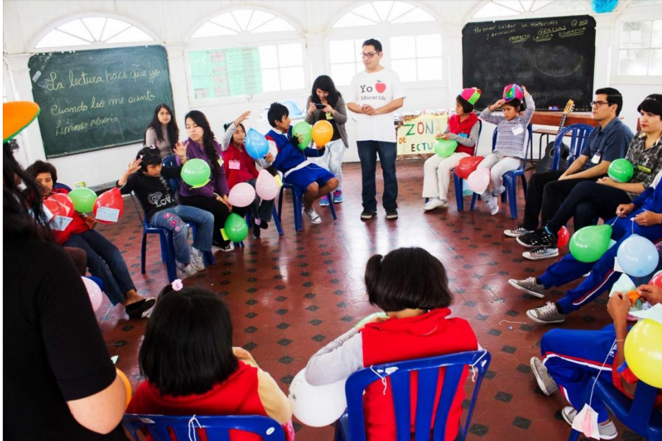
En el taller- evento La Lectura en mi vida , los niños y niñas escribieron en los globos, cantaron, compartieron vivencias en relación a la lectura y leyeron.
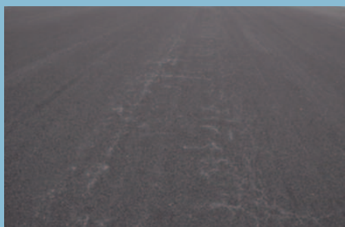
Surgencias de finos y agua en distintos tipos de firmes
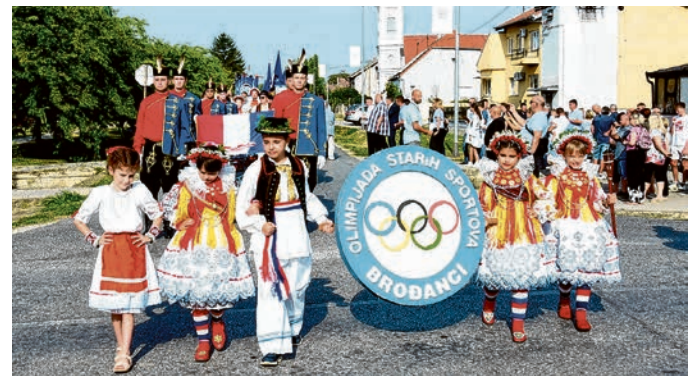
Olimpijada starih sportova atraktivna je i nakon pola stoljeća
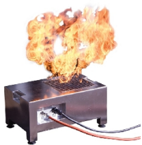
049-012-001 FireWare Vesta
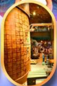
ร้านสตาร์บักส์
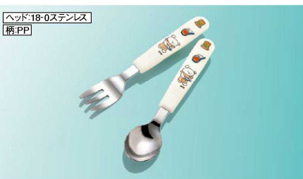
H386ko フォーク 139mm/ヘッド:幅24×長さ38(22g) ¥510
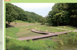
水辺の生きものが観察できる「めだか池」。すぐ南側には木見川が流れています。
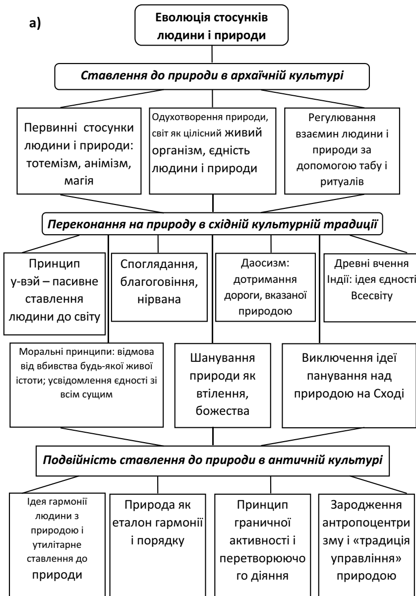
Рис. 2. (а) Еволюція стосунків людини і природи (початок)

Епоха Відродження повертає людину до природного світовідчуття, але тут наявна не статична гармонія людини і природи, а динамічна, де людина намагається підпорядкувати собі природу. У свідомості більшості людей досліджуваного періоду в поясненні взаємодії людини до природного світу в основному панували релігійні уявлення. У філософії Нового часу розвивалися такі гуманістичні ідеї: природна і політична рівність людей (Т. Гоббс, Ж. Руссо, К. Гельвецій, Франсуа Марі Аруе Вольтер); творча активність (Спі-
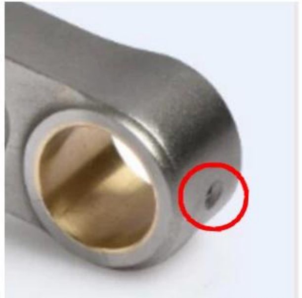
one oil reservoir: I-beam, X-beam
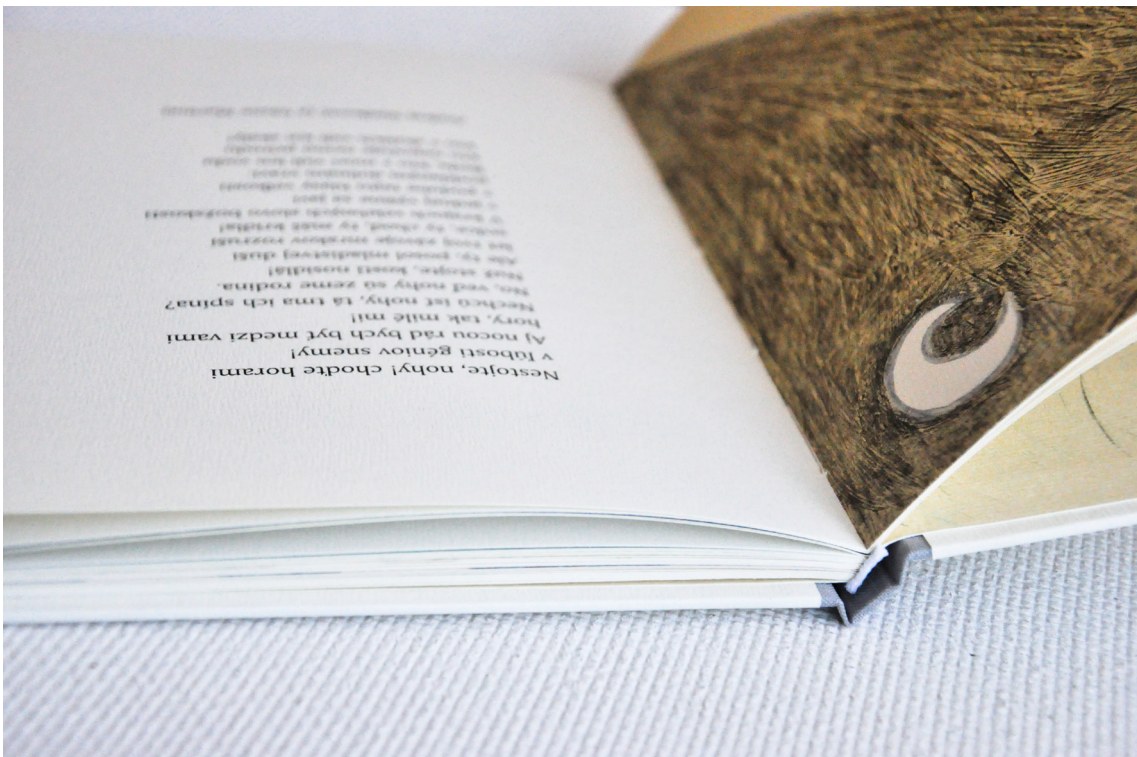
Príloha č. 16 Kniha vo finále

--- Exercise prompt ---
Exactly the lines running from the one with "Olimpijada starih sportova" through the end of the listing above must be output, both ends included. No pictures belong in the output.

--- Answer area ---
Olimpijada starih sportova atraktivna je i nakon pola stoljeća
049-012-001 FireWare Vesta
ร้านสตาร์บักส์
H386ko フォーク 139mm/ヘッド:幅24×長さ38(22g) ¥510
水辺の生きものが観察できる「めだか池」。すぐ南側には木見川が流れています。
Рис. 2. (а) Еволюція стосунків людини і природи (початок)

Епоха Відродження повертає людину до природного світовідчуття, але тут наявна не статична гармонія людини і природи, а динамічна, де людина намагається підпорядкувати собі природу. У свідомості більшості людей досліджуваного періоду в поясненні взаємодії людини до природного світу в основному панували релігійні уявлення. У філософії Нового часу розвивалися такі гуманістичні ідеї: природна і політична рівність людей (Т. Гоббс, Ж. Руссо, К. Гельвецій, Франсуа Марі Аруе Вольтер); творча активність (Спі-
one oil reservoir: I-beam, X-beam
Príloha č. 16 Kniha vo finále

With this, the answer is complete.